If you have had limited credit prior to the current mortgage loan -- and it is also your first -- lenders may want to see how you handle those payments for a few months before refinancing. However, that is more the exception than the rule. If you've been living in your house for awhile, you not only have your credit history with the current loan, you also have your credit history with the previous mortgage loan. The prospective lender also takes your entire credit history into account. If you have solid credit, most lenders will happily refinance your loan immediately after the previous refinance.
Reasons to Refinance
In some instances, refinancing is unambiguously the right move. If your current loan is a variable rate or hybrid loan, replacing it with a fixed rate loan reduces your interest rate risk.
One circumstance that affects some homeowners is the unwillingness of many banks to offer a construction loan that converts to a fixed rate. In this case, you may have a loan that you've only had for a few months since completing construction, but one that has converted to a variable rate. It may pay to refinance this loan as soon as possible, replacing it with a fixed rate loan. Historically, U.S. fixed rate mortgages have been volatile, and on occasion have risen to more than 18 percent.
Reasons Not to Refinance
Nevertheless, credible financial sources, such as Bankrate, warn against frequent refinancing.
One reason is that every refinance comes with closing costs, usually in the low four figure range and often ranging between 2 to 4 percent of the total loan value. If you refinance often, and particularly if you move within a few years of the last refinance, you may have saved nothing. Your resulting monthly payment may be lower, but your closing costs may have substantially increased your debt in the process.
Another reason for not attempting to refinance is that your figures may no longer look good to your lender. Your income may have dropped, or a household member lost his job. In some instances, falling home prices where your house is located may mean the house no longer provides sufficient equity for a new loan.

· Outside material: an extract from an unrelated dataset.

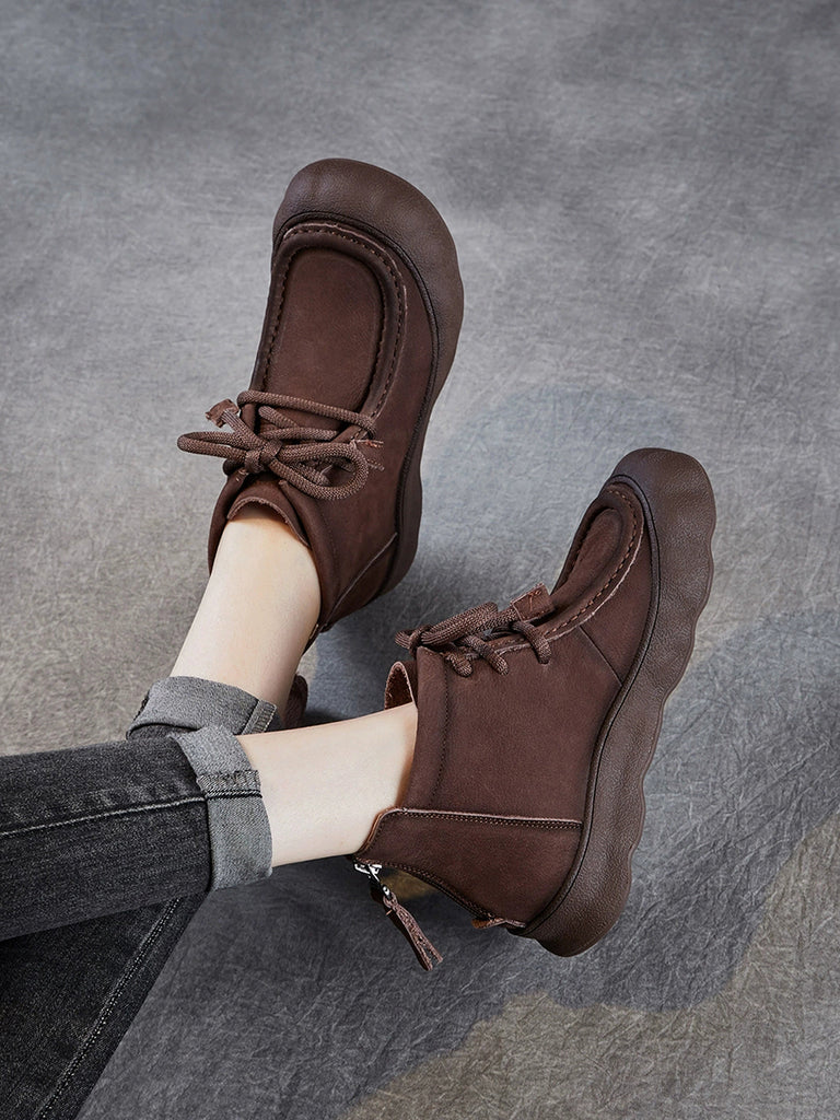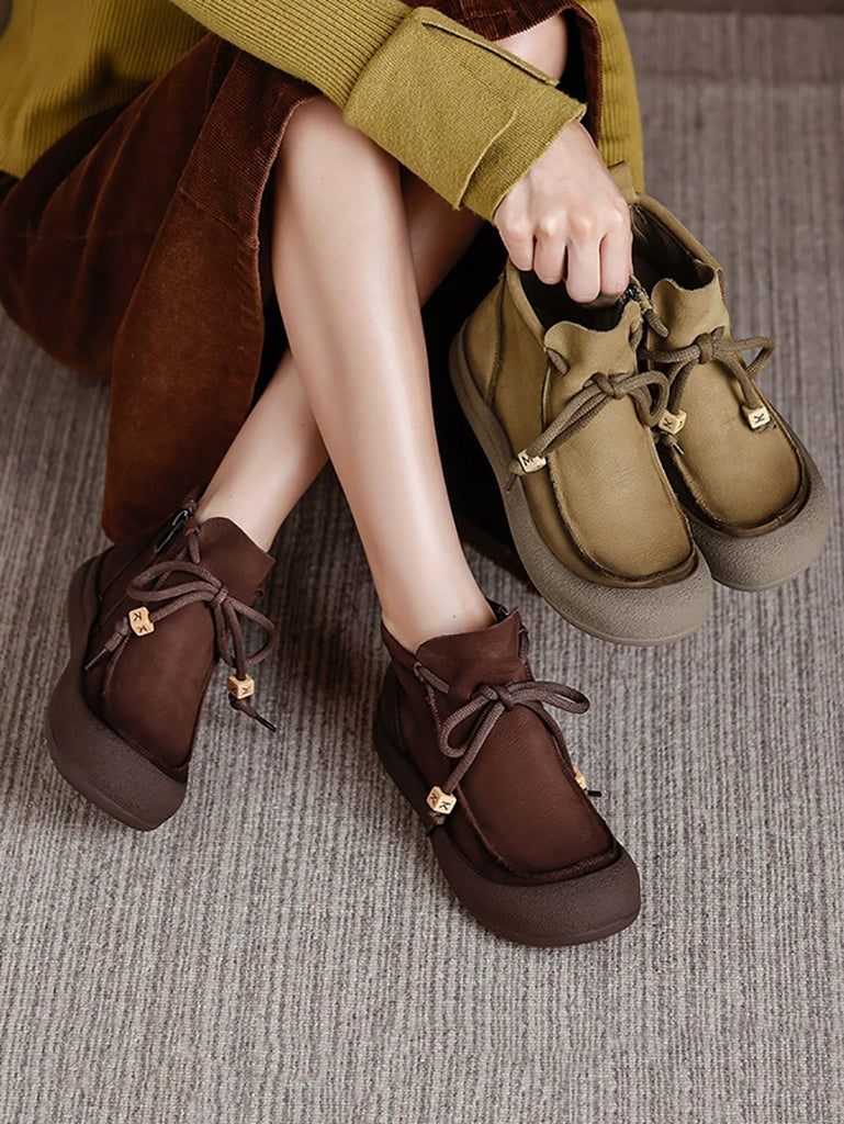 Women Winter Vintage Genuine Leather Drawstring Ankle Boots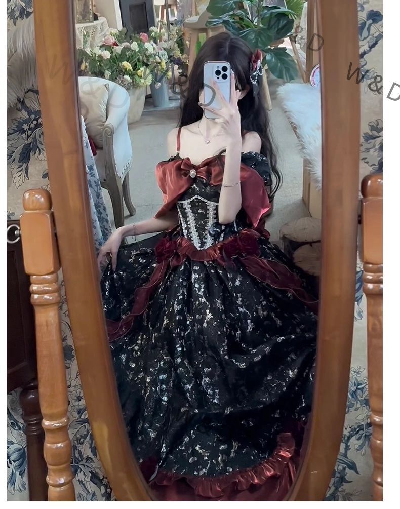 暗くも華やかなゴシックロリータの世界観を纏った、特別な日のためのフォーマルドレスです。シックな黒を基調に、妖艶な赤がアクセントとして効いた配色が、大人の女性の「可愛い」と「エレガント」を両立させます。胸元を美しく見せるオフショルダーデザインと、クラシックなシルエットが、プリンセス気分を存分に盛り上げます。高級感のある素材と精巧なレース・リボン細工にこだわり、一堂を集めるパーティーや卒業式、成人式といった晴れ舞台で、主役として輝く存在感を発揮します。日常から少し非日常な「在逃公主」になりたいときにも、この一品があなたの特別な瞬間を完璧に彩ります。

But in many instances, the best reason for not refinancing is that if you go to the trouble unpacking the numbers -- not the sales pitch the mortgage lender or broker may give you -- you'll discover that the savings aren't sufficient to offset the closing costs. John Wasik, writing for Reuters, warns that unless your credit score is above 700, you have steady income and the refi doesn't involve penalties and charges, you may be better off with the loan you have now.